This is a very short book, which is likely a good thing when you are struggling with betrayal and deep wounds. It is a simple book as well. It is laid out to help you quickly deal with an all to common problem. As I noted in my sermon yesterday, the church is a community of saints AND a community of sinners. We will hurt each other, sometimes deeply. Pastors sometimes not that sheep bite, and they do. The closer you are to that particular sheep, the more it hurts.

In many ways this little book is an explanation of a text in Zechariah 13.

And if one asks him, ‘What are these wounds on your back?’ he will say, ‘The wounds I received in the house of my friends.’

Zechariah’s experience as a prophet was intended to be typical of prophets and typological of Jesus Himself. Those who bring the Word of the Lord will not always be welcome among their people. They will be beaten and battered. Many were even put to death due to their unpopular message (sin and salvation has never been very popular). Jesus was rejected by His own people, cursed and reviled, given over to death at the hands of the Romans.

Leaders, particularly pastors, can draw the ire of church members because they have to say unpopular things. At times our friends, while not harming us physically, can inflict damage that hampers our ministry.

“After conversion we need bruising so that reeds may know themselves to be reeds, not oaks.” Richard Sibbes

Milton notes 3 counseling sessions that had 1 thing in common; betrayal. When we are hurt, we can often respond by hurting others. We have to be wise and careful. It reveals our great need for Jesus.

“Without drinking from the divine draught of Christ’s very person, we become dry and graceless in our souls, and therefore we have no reserves to draw upon when conflict arises.”
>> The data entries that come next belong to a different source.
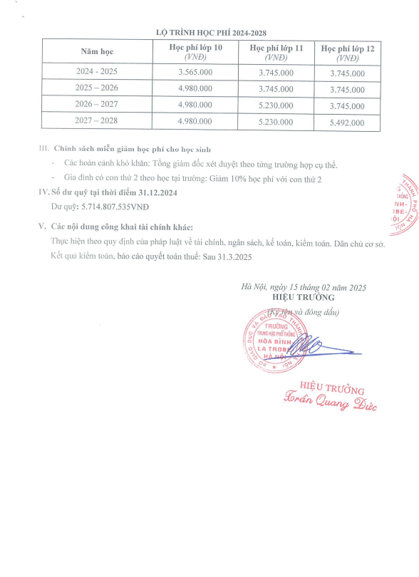 Thông báo công khai thu chi trường THPT Hòa Bình - La Trobe - Hà Nội, năm 2024
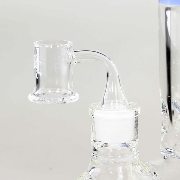 Com a base extra larga e o fundo duplo de quartzo, o banger pode armazenar calor de forma ideal e permanecer quente por mais tempo. A capacidade deste banger é generosa. O alargamento na extremidade inferior evita que o extrato suba. Além disso, as perolas de terps giram de maneira particularmente uniforme graças ao sulco. Além disso, recomendamos o uso de um Carb cap. Desta forma, o fornecimento de ar pode ser controlado para realmente aquecer a evaporação. O resultado é um vapor particularmente cheio e muito saboroso.
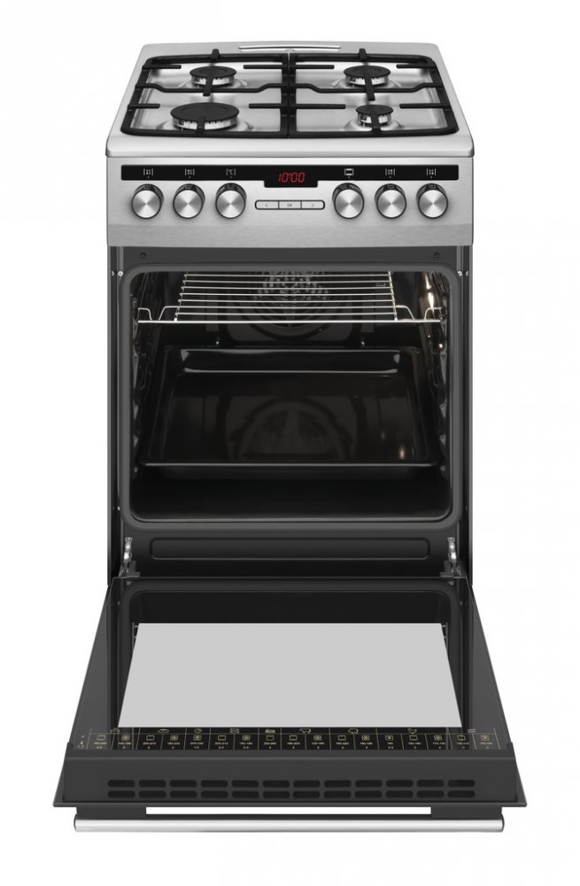 Kombinovaný sporák, Energetická třída A, Objem trouby: 62 l, Plynová varná deska, 4 varných zón, Celkový výkon trouby: 3600 W, nerez barva, Gril, Výška: 85 cm, Šířka: 50 cm, Hloubka: 60 cm
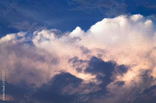 © Laura Сrazy, Obraz premium Blue-pink clouds before a thunder-storm. Background of the sky in dark storm clouds.
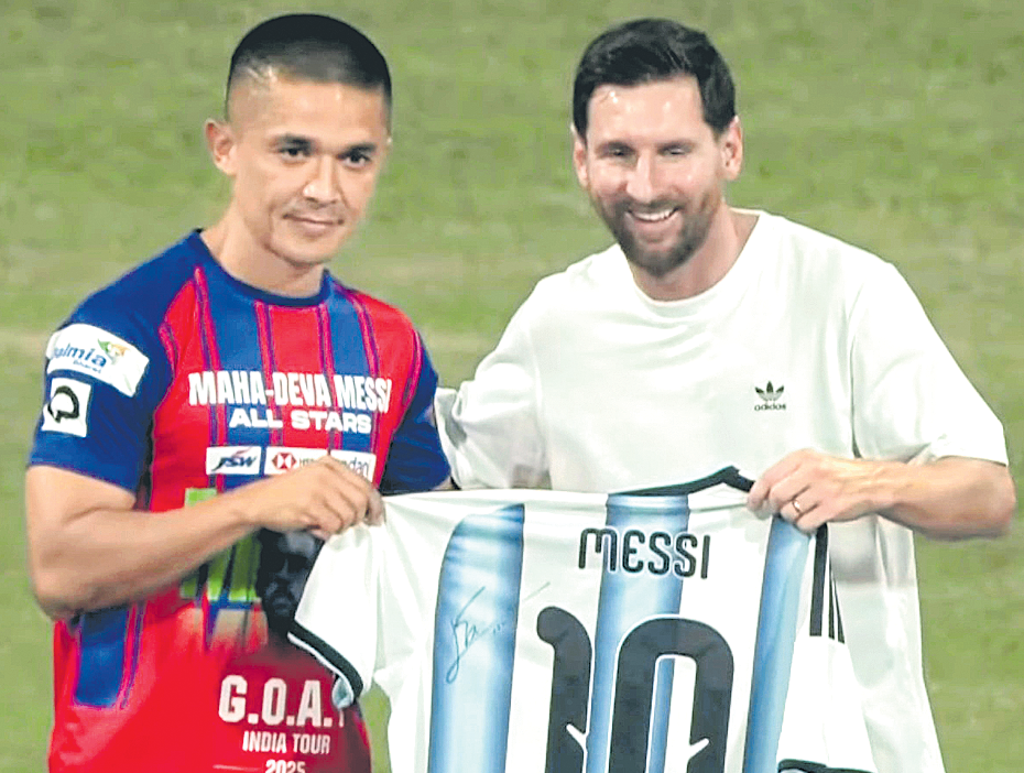అర్జెంటీనా స్టార్కు టెండూల్కర్ తను స్వయంగా ఆటోగ్రాఫ్ చేసిన వన్డే జెర్సీని మెస్సీకి అందివ్వగా... ప్రతిగా మెస్సీ కూడా తన సంతకంతో కూడిన ఫుట్బాల్ను సచిన్కు ఇచ్చాడు. అన్నట్లు ఆటలు వేరైనా... దేశాలు వేరైనా... సచిన్ జెర్సీ నంబర్, మెస్సీ జెర్సీ నంబర్ ఒక్కటే 10! అదేనండీ ‘దస్కా దమ్’’! దిగ్గజాలు పరస్పర బహుమతులు ఇస్తూ స్వీకరిస్తుంటే అభిమానులంతా ఉప్పొంగిపోయారు. ఈ అపు‘రూపం’ను తమ ఫోన్ కెమెరాల్లో పదిలంగా బందీచేసుకున్నారంతా!
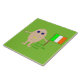 Diese phantastische Kachel weist einen lustigen Cartoon eines Eis mit Armen und Beinen auf. Das Ei hat Arme und Beine und ein kleiner Riss im Kopf, der das weiße Innere aussetzt. Es hat blaue Augen mit einem schwarzen Schüler und ein großes Lächeln, wo das Eigelb des Eis zu sehen ist. Die Muschel sieht rau aus. Dieses patriotische irische Ei trägt stolz seine Flagge und es gibt grünen Text unter der Flagge, der lautet "es geht um das Kreische". Dieses lustige Design ist ideal für St. Patricks Day oder stolze irische Männer und Frauen.

It can be difficult for us to move on, as he notes with the metaphor of the stopped clock. We get stuck. Milton brings us to Joseph who connected his pain to God. His suffering was not accidental (nihilistic or chaos). This is not to blame God to be recognize God has good purposes in bringing difficulty into our lives, including the difficulty of betrayal.

Seeing the connection with God, we can then pick up our cross. Jesus’ suffering is a pattern for our lives, as well as His saving work. The Christian life is one of self-denial, and this is one of the key times that self-denial is necessary. First the cross and then the crown. Christ’s crown came in the context of betrayal. Ours too. It is not an excuse for self-pity and a victim’s mentality. It is the realization that I am called to die to self and follow Jesus. Like Jesus, I’m to entrust myself to the Father and continue to do good even as others line me up in their sights.
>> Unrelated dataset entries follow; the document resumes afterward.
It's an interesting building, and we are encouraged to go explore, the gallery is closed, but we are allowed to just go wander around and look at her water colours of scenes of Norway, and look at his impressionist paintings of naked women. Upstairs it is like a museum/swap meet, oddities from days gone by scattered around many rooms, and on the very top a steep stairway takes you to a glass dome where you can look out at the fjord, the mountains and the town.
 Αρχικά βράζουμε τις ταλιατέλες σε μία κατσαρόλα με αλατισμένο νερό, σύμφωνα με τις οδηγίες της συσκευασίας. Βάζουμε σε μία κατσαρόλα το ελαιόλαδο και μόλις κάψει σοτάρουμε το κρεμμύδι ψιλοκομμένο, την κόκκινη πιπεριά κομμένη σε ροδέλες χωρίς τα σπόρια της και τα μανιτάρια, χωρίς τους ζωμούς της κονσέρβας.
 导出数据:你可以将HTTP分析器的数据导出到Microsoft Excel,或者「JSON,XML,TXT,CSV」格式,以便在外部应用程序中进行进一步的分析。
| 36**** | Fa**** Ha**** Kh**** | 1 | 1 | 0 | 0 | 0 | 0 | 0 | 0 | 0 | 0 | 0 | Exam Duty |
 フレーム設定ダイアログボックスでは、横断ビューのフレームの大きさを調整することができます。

He then advises us to take off our crown. We are not in control. God is the Sovereign. It is not ours to avenge, not ours to repay. We then go to our own Gethsemene. It does sound a bit backwards since Jesus was in Gethsemene before taking up His cross. The key part of Gethsemene is “not my will but Thine be done.”
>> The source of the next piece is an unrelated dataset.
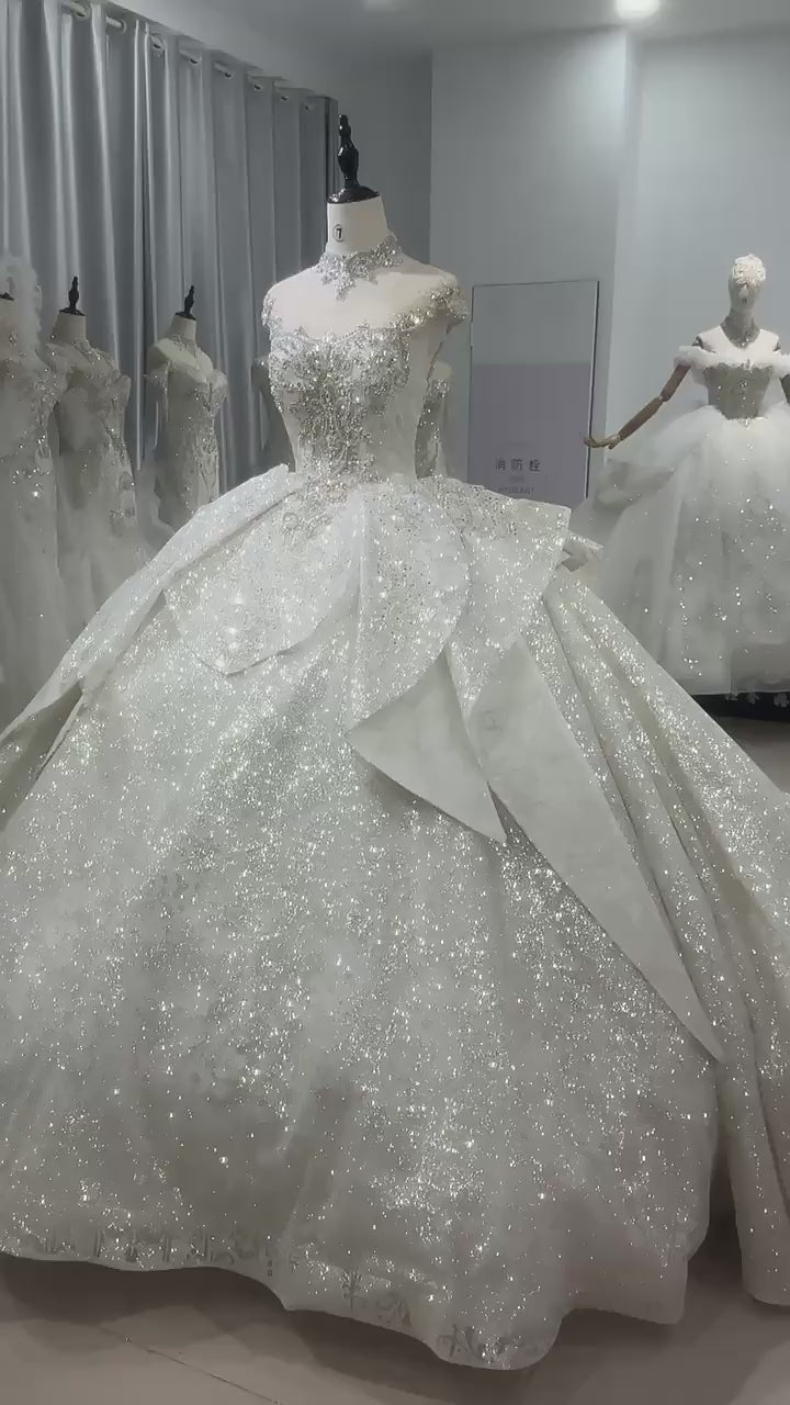 TW161 Vestido Casamento 2025 Cap Sleeve O-Neck Lace Up Back Wedding Dress Beading Sequined Star Crystal Ball Gown Luxury Bridal Dress

“Note carefully: if there is to be resurrection- a new life to emerge from the pain, the betrayal, the hurtful words- there must be a crucifixion; and if there is to be a crucifixion- by the Father for the good of many- then there must be a Gethsemene moment when you say, ‘Not my will but yours.'”

Just as the Father didn’t abandon His Son to the grave, He will not abandon us in our suffering either. We will be raised up, renewed. He will transform us by the pain.

He ends with an encouragement to not give up on the church. He notes a personal experience as a newer Christian when he walked into a church fight without realizing it. The pastor’s adult daughter encouraged him to not give up on God’s people. We are not all we long to be, nor do all we wish we’d do. We still live in Romans 7, and so does everyone else in the Church.

This is a helpful little book. He says enough, and doesn’t drown us with words. He gets to the point.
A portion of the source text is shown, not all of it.